Roubaix a aussi été à la hauteur de par les réactions spontanées de ses acteurs, je n’en prendrais pour exemple que la façade du Colisée, qui au lieu d’annoncer le prochain spectacle, s’est pendant quelques jours transformée en un gigantesque « Je suis Charlie » qui a été plébiscité.

 

La façade du Colisée de Roubaix le jeudi 8 janvier 2015
La façade du Colisée de Roubaix le jeudi 8 janvier 2015

 

Cependant, je ne ferai aucun angélisme. Certains ne se sont pas vraiment sentis Charlie, d’autres ont fait part de leur scepticisme devant cette mobilisation, sur les réseaux sociaux d’autres ont cru bon de remarquer que les dessinateurs de Charlie l’avaient « bien cherché », et une inscription, plus stupide qu’autre chose, offensait gravement les victimes et a été promptement recouverte.

Un tag nauséabond rapidement recouvert bld Beaurepaire (photo Nord Eclair)

Un tag nauséabond rapidement recouvert bld Beaurepaire (photo Nord Eclair)

On peut le déplorer et se draper dans sa dignité républicaine. Mais ici, peut-être plus qu’ailleurs, cette mobilisation nous interpelle sur le sens qu’on doit lui donner, ainsi que sur la manière de la relier avec la réalité roubaisienne, et les sujets sont nombreux sur lesquels nous, acteurs locaux, devront sans doute nous pencher dans la période qui s’ouvre.
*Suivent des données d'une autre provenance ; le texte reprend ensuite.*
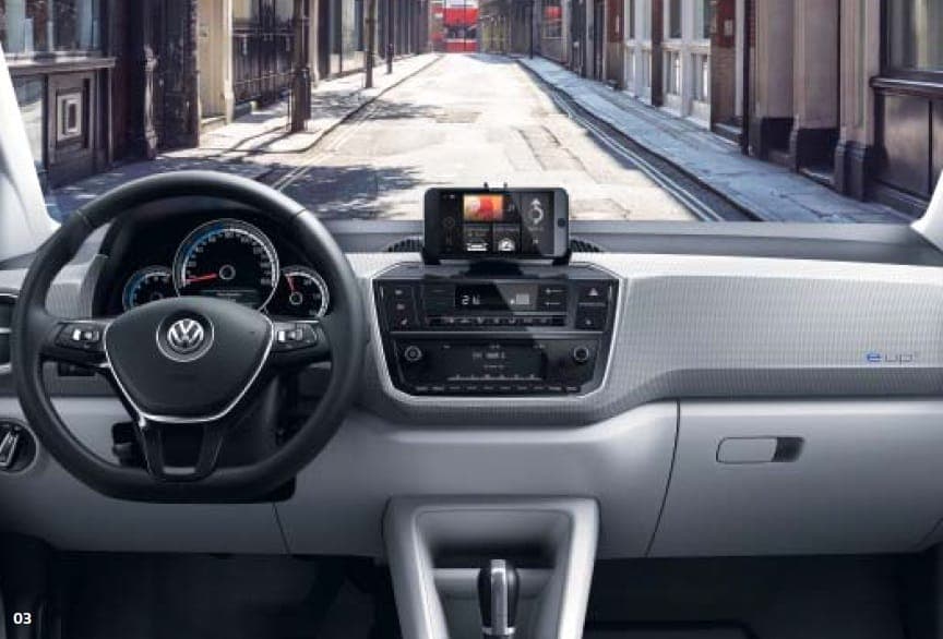 En el interior el salpicadero se ha actualizado con los nuevos sistemas de sonido que pueden tener pantalla a color, el nuevo anclaje para smartphones, y la misma instrumentación vista en el Beetle pero adaptada al motor eléctrico. En equipamiento recibe el encendido automático de luces, cámara posterior y el sensor de lluvia.
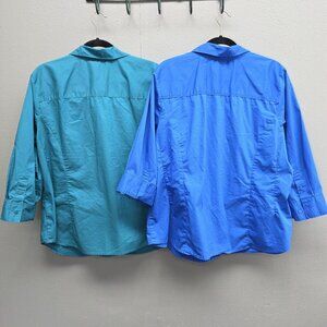 Basic Editions Shirts Womens 2X Blue Teal 3/4 Sleeve Popover Stretch Lot 2
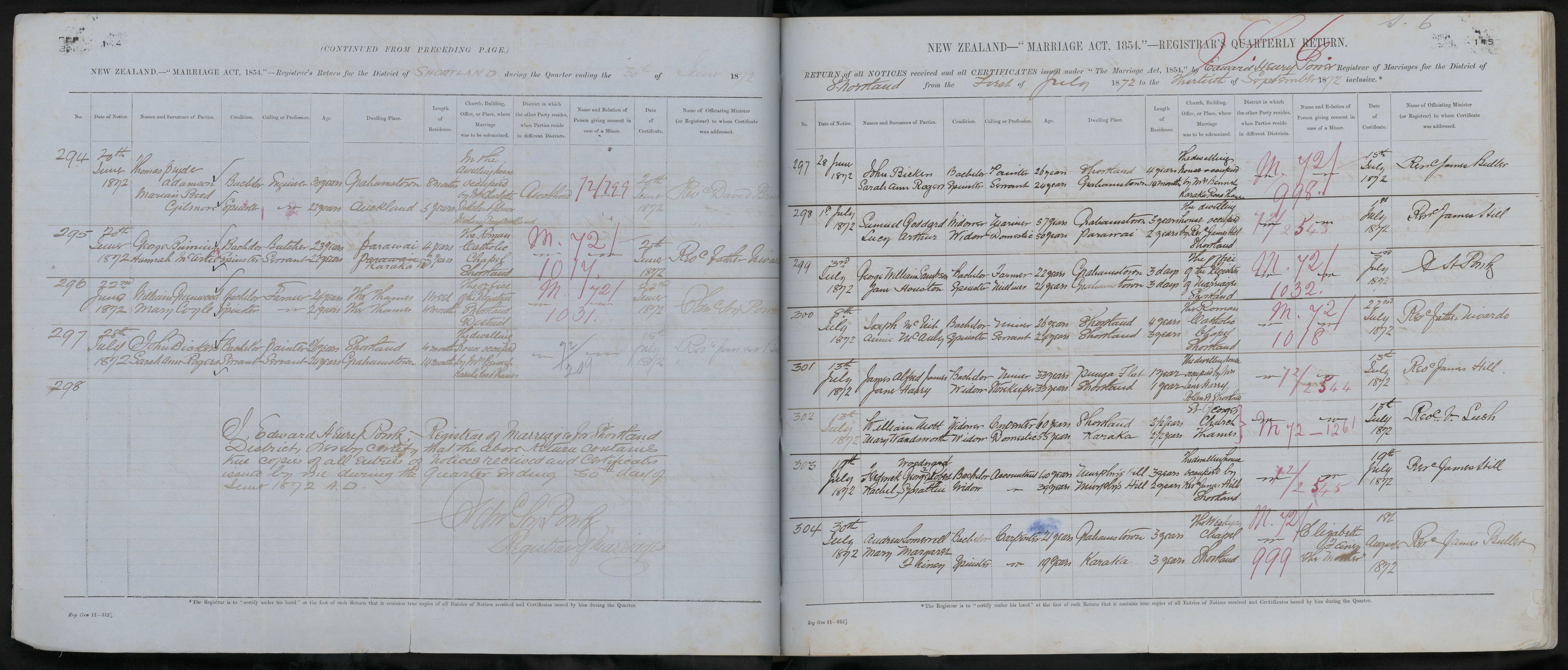 The Office at the Registrar, Shortland District 72/1031 22 June 1872 Edward Henry Power

Parmi les questions qu’il nous faudra nous poser collectivement à nous-mêmes :

. notre système éducatif est-il à la hauteur concernant les notions de liberté d’expression, de laïcité mais aussi du fait religieux ?

. comment faire pour que l’ensemble des roubaisiens se sentent partie prenante et membres à part entière de la République, celle qui se serre les coudes et applaudit les policiers qui la protègent ?

Je n’ignore pas qu’on attend Roubaix au tournant sur ces sujets aussi. Certains présentent déjà notre ville comme celle où les islamistes ont pris le pouvoir, nous devons montrer à tous que c’est faux, et peut-être par là même montrer que nous sommes la ville qui sait vivre avec l’ensemble de sa population, ses religions, ses origines, et se retrouver autour de ce qui fait notre socle commun : la République.